Work item
Would you return the listing exactly as written, apart from its pictures?

Stored data
----------

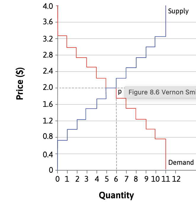 With fewer sellers and buyers what is the graph of demand and supply more likely to be drawn as, according to Vernon Smith?
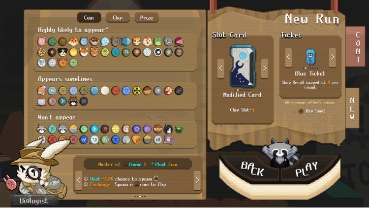 Play as one of several unique characters, each with their own set of themed coins and playstyle. Take on the role of a greedy raccoon manager who excels at math-based combos, or a quirky biologist who specializes in animal-based coins. Every character offers a fresh and wildly different way to play.
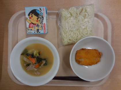 牛乳、肉みそうどん、はんぺんのもみじ揚げ (663キロカロリー)

----------

Answer to the problem
 With fewer sellers and buyers what is the graph of demand and supply more likely to be drawn as, according to Vernon Smith?
 Play as one of several unique characters, each with their own set of themed coins and playstyle. Take on the role of a greedy raccoon manager who excels at math-based combos, or a quirky biologist who specializes in animal-based coins. Every character offers a fresh and wildly different way to play.
 牛乳、肉みそうどん、はんぺんのもみじ揚げ (663キロカロリー)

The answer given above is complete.